I don't know if I would necessarily recommend the following chronology to anyone wishing to start a relationship, but this is what led me to where I am today:

Note: insert bouts of worry and elation wherever applicable.

  • We find excuses to invite one another to visit.
  • I begin sacrificing sleep to stay online at night a little longer.
  • We make out . . . and then reassure one another that we have no interest in dating.
  • We find excuses to invite ourselves to visit.
  • We sleep (literally) in the same bed.
  • I stay up even later to talk online at night. I am now averaging 4 hours of sleep per night.
  • He finally forces a confession of out of me.
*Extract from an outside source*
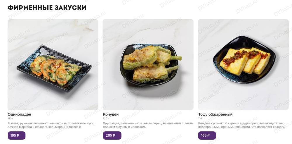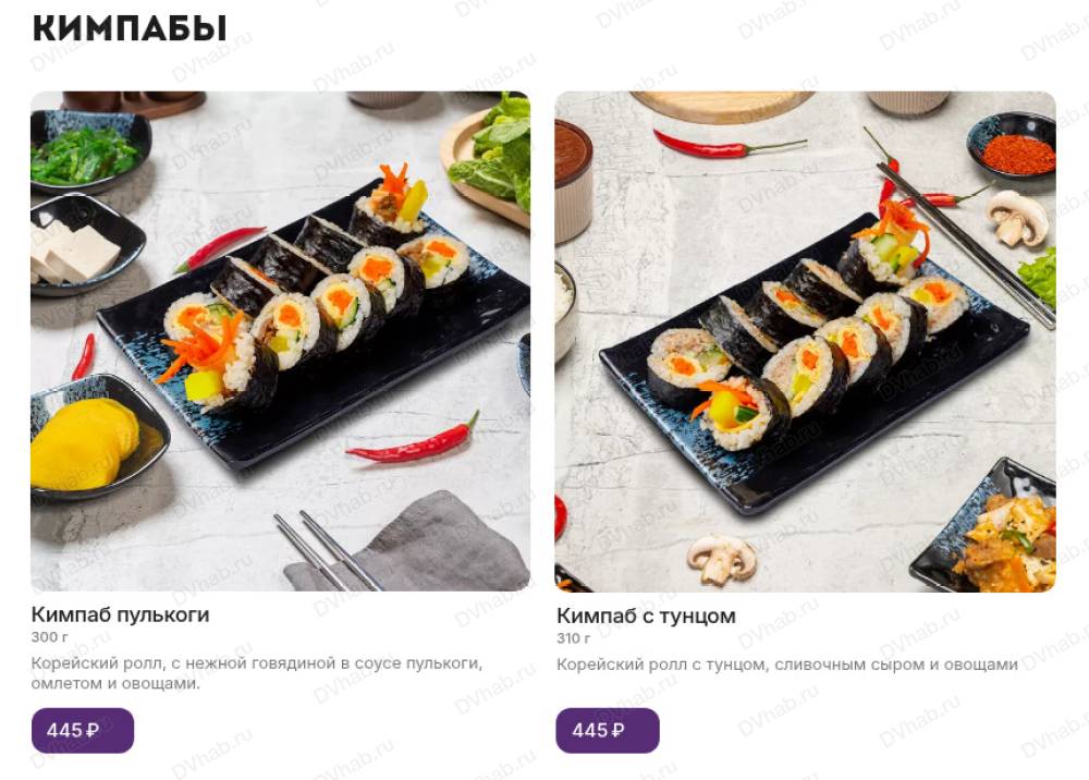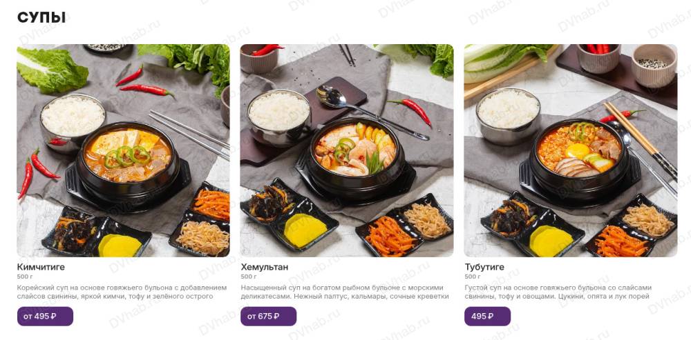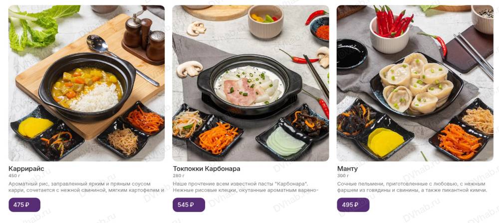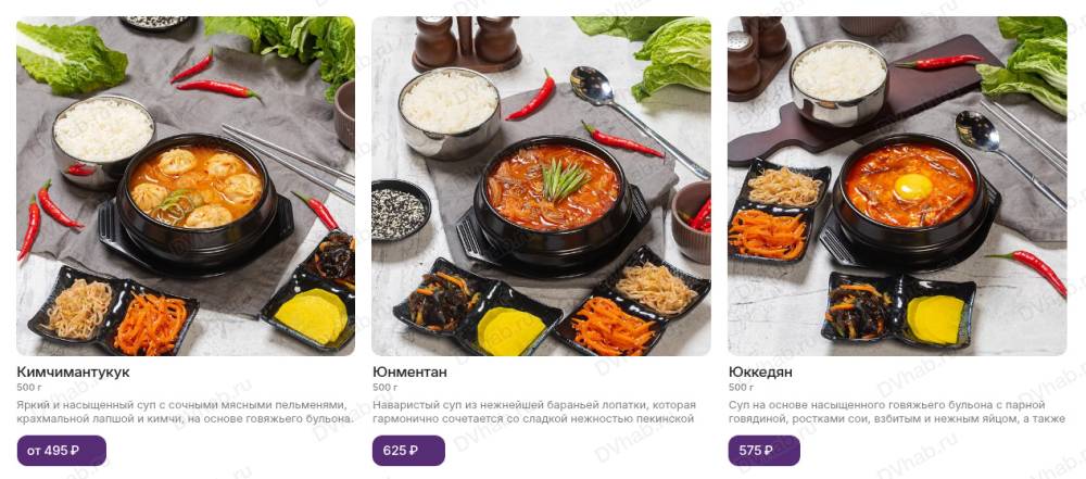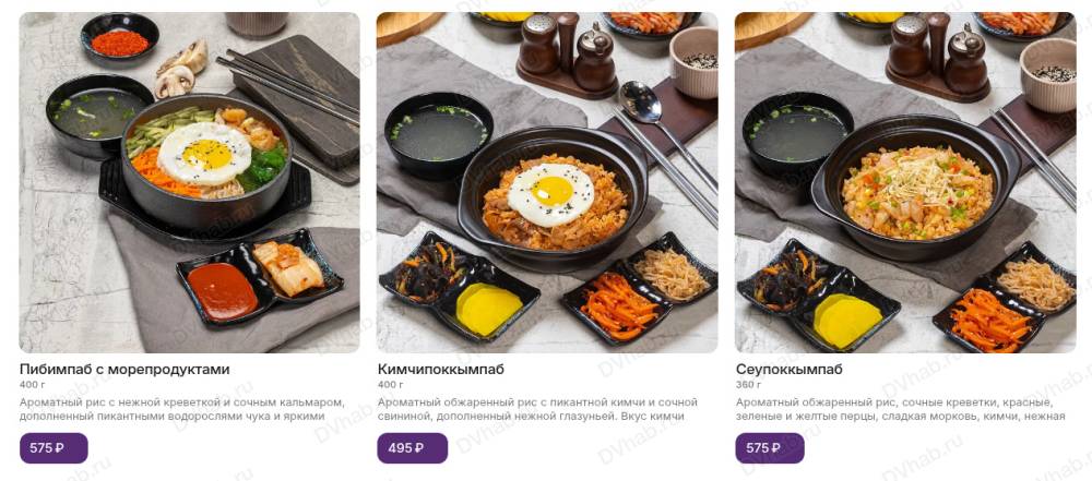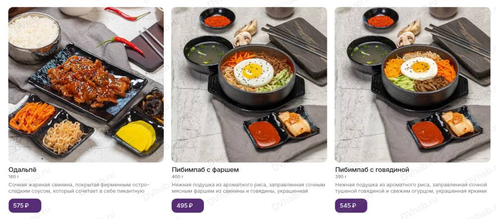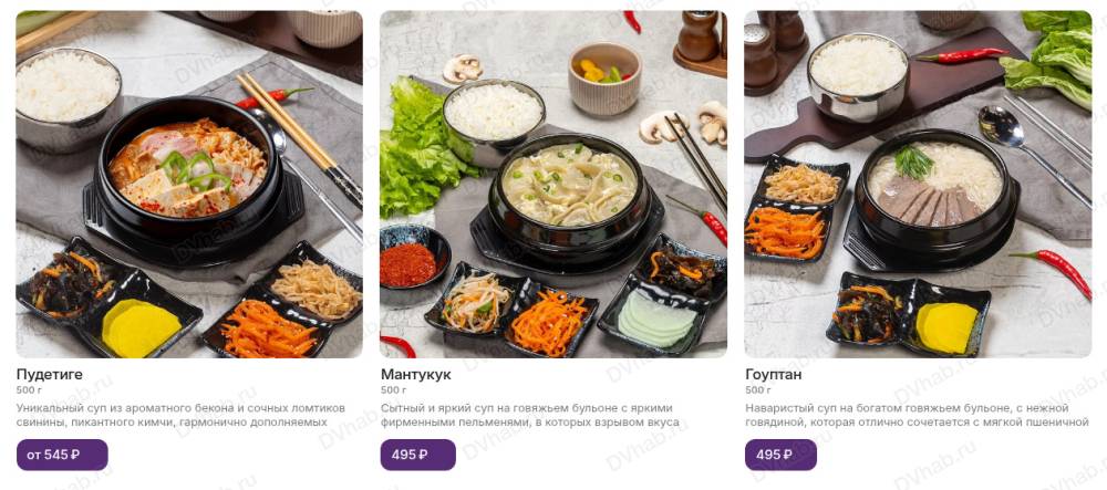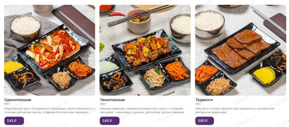 Основное блюдо сопровождает набор пикантных закусок "панчан" собственного производства и порция белого рассыпчатого риса, приготовленного на пару. Повара начинают готовить сразу после заказа.

I am more worried than relieved.
  • We establish that we dating long-distance is not an option and therefore leave our "dating status" contingent upon whether or not he gets a teaching position in NYC. Now I am more relieved than worried.
  • We hold hands in public for (probably) the first time.
  • He gets the job.
  • He moves in . . . for the summer . . . .

And the final misplaced step in this relationship progression:

  • He takes me shopping to ask for my input on his clothes.

I was pretty much flabbergasted when he asked me to take him to Macy's last weekend. If my opinion on clothing matters to him, you know this is serious. Proves there is no real reason to go by the book, right?

5 comments:

Chris said...

Oh relationships. What a tizzy.

BS Henry said...

Best to not worry over such things; beyond whichm R_ needs all the help he can get with clothes

Gordon said...

Oh, the book. I have to imagine very few people actually follow the book too closely. What is perceived as the typical trajectory must be only the path integral, the version to which everyone's highly idiosyncratic trajectories average out.

Incidentally, from Boy meets Girl to Boy takes Girl to Macy's, how much time elapsed?

Neen said...
This comment has been removed by the author.
Neen said...

This made me laugh and smile because parts of it reminded me so much of how Joe and I started out:

We were friends (who met through the magic of a university peer to peer file sharing network) for about a year before we started dating. But he had a girlfriend and I wasn't about to wreck their relationship. We moved back to our home cities for the summer and talked for HOURS nightly online. He and his girlfriend split up, and I tried like hell to keep my feelings secret, but he too "forced a confession out of me."

And then finally after months of coy hand holding and secret affection...One fateful night after watching the hopeful candidates for VP of the US debate one another (romantic, I know!), we decided to take a chance on the whole dating thing.